Financial censorship is something that is often done even though people have broken no laws, and the act of the financial censorship itself is actually the illegal action.

This has nothing to do with people breaking laws. The most common financial censorship is done, arbitrarily, to people who have not broken any laws, have not been charged with any crime, and who will never been able to defend themselves in a court.

Stopping this kind of financial censorship, is extremely valuable.

It'll compete with the failed central banks first, and considering the technology is young and shit right now, it's doing pretty good in places like Venezuela.
I wonder what this means regarding the transparency of transactions and the anonymity of user ids. Is anyone aware of the new law's implications?
(comment deleted)
This article is attempting to put an extremely positive spin ("new law makes Germany 'crypto[currency] heaven'", "leads to institutional investors", "major breakthrough", "massive for adoption") on a government crackdown. To be expected given that decrypt.co is funded by ConsenSys, which was in turn founded by someone who had (in Feb 2018) an estimated "net worth in cryptocurrency to be between one and five billion [US] dollars"[0], so they have a vested interest in promoting cryptocurrencies. But why does this sort of advertising keep on cropping up on HN?

[0] https://en.wikipedia.org/wiki/Joseph_Lubin_(entrepreneur)

Indeed I don’t see how this exempts the custodians from any of the AML and KYC rules that represents the only real value proposition of crypto: crime.

> But why does this sort of advertising keep on cropping up on HN?

Enough people within the HN community also suddenly found themselves with a large amount of wealth in these digital beanie babies of late, and so have similar vested interests.

Bloomberg is founded by a billionaire with a vested interest in... whatever he has an interest in? Washington Post by Bezos as well. Should we ban all of this so-called “independent” media from HN?
Well, Bloomberg probably has some actual cash. The crypto guy has a bunch of tokens he needs to turn into usable money. So he has a interest in keeping the price up while he slowly exits without crashing the price.
Honest question - does it bother you every day that any cryptocurrency is valued above $0? Does this violate you intellectually?
This doesnt sound like a "honest question" to me.
This seems like a good place to quote the latest HN guideline: "Have curious conversation; don't cross-examine."

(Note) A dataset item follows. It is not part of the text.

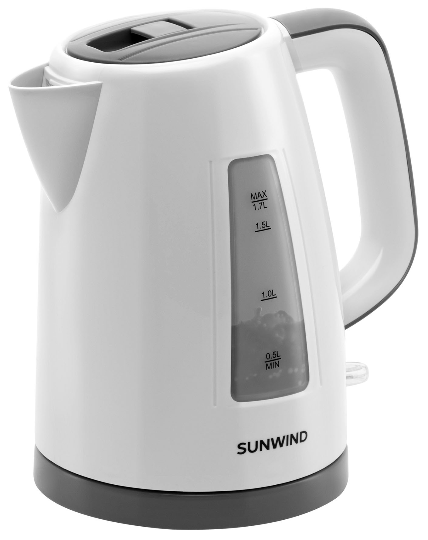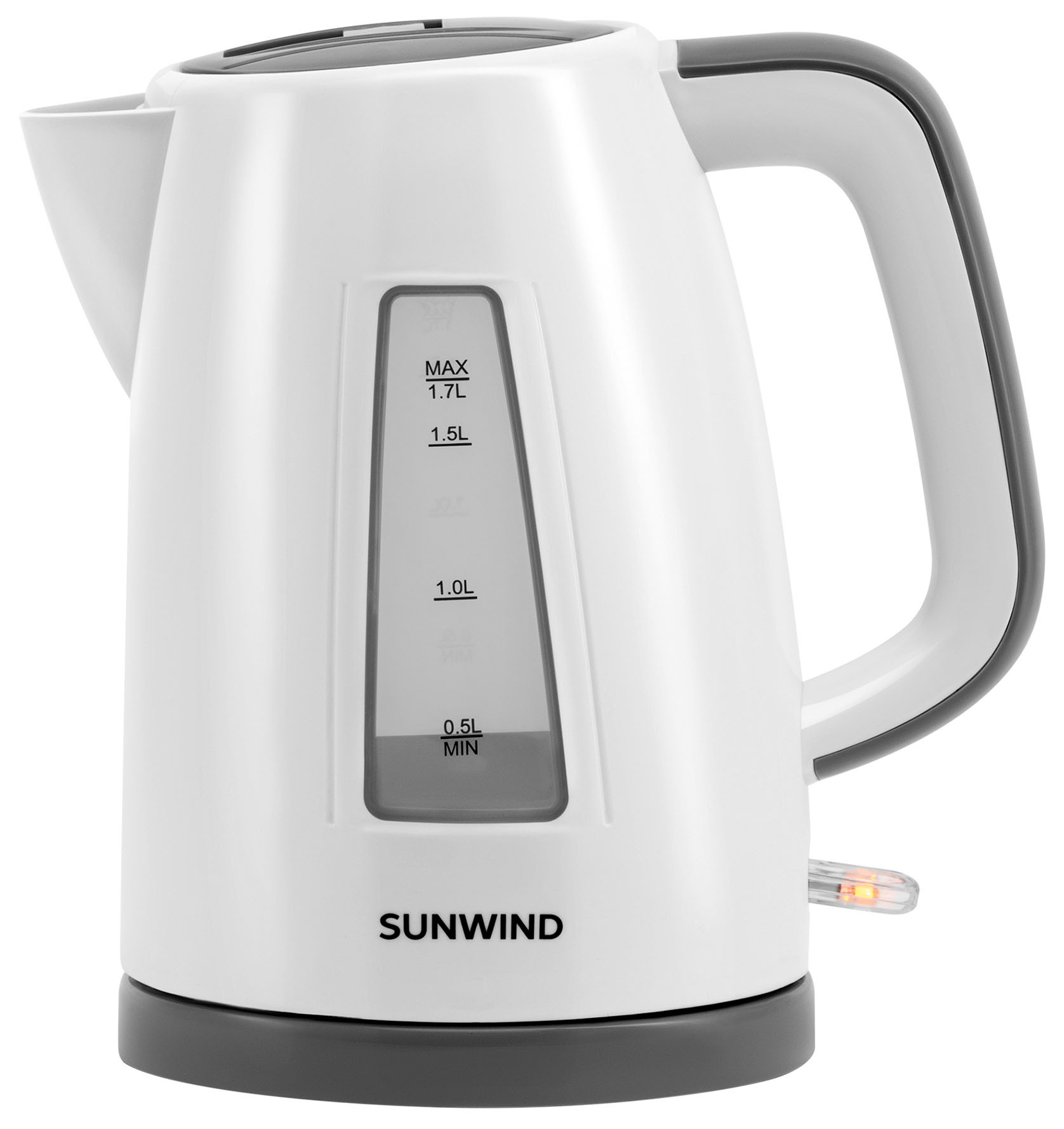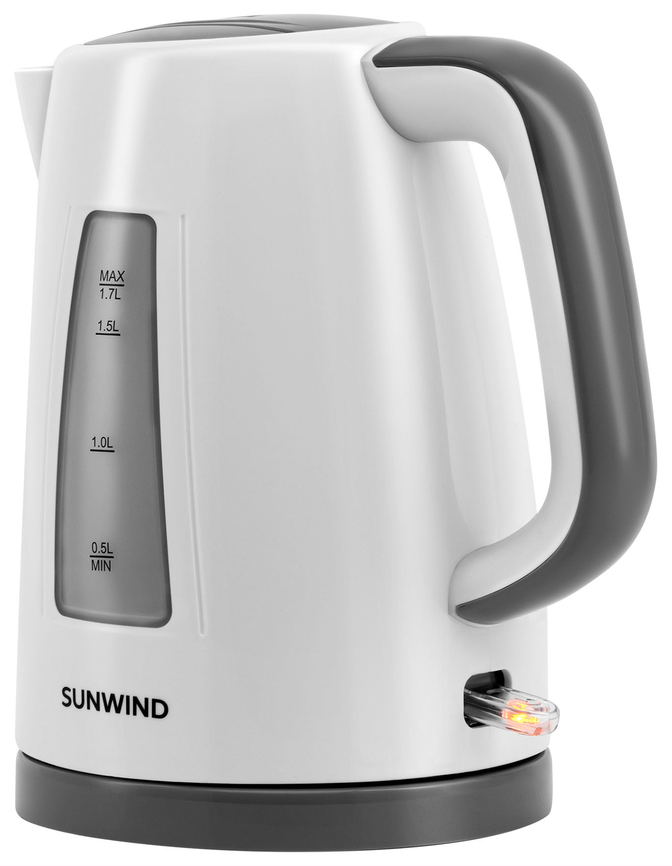 Электрочайник Sunwind SUN-K-30 за считанные минуты кипятит питьевую воду в колбе, рассчитанной на 1,7 литра. Это происходит благодаря максимальной мощности скрытого нагревательного элемента, равной 2200 Ватт. Белые поверхности пластмассового корпуса удачно дополняются серыми элементами: легко открывающейся верхней крышкой, окантовкой смотрового окна и комфортной формы ручки, подставки, контактная группа которой позволяет вращать чайник на все 360 градусов для выбора оптимального положения. Безопасности эксплуатирования способствуют автоматическое отключение при закипании, а также защита от случайного включения без воды. Предусмотрен фильтр, препятствующий попаданию накипи в наполняемые кипятком чашки. Имеется индикатор включения.

https://news.ycombinator.com/newsguidelines.html

That's implied by the other guidelines already, and is certainly the spirit of the site, but some redundancy seems needed for clarity.

Bloomberg also has a lot of pricing and other financial market data that he needs to turn into usable money. Most (but not all) of Bloomberg’s editorial content furthers that interest in one way or another.
If the Washington Post featured nothing other than articles about Amazon, and those articles only ever painted Amazon in an unreasonably positive light, then I would question the value of having those featured repeatedly on HN too.
Guess it depends what you want out of HN. Those publications all have issues with objectivity. For me it's enough to know the source, and see comments spelling out the source when it's non-obvious.
Please note that Lubin is a Jew and this is another way Germany is paying reparations. I can't bother to spend the time to connect the dots for any reader - you can do that yourself if you're honest. Besides, anything I say will get censored anyway.
>why does this sort of advertising keep on cropping up on HN

Hacking, startups, and cryptocurrencies are all a rebellion against the stifling rigidity of the established order. Some more constructive than others.

Oh, c'mon. Startups and crypto are mostly attempts at getting rich.
Surely most startups are attempts at getting rich.
It appears to be a two-pronged law that permits banks to act as custodians, while at the same time requiring other custodians currently operating in Germany to obtain a special license and comply with other regulations.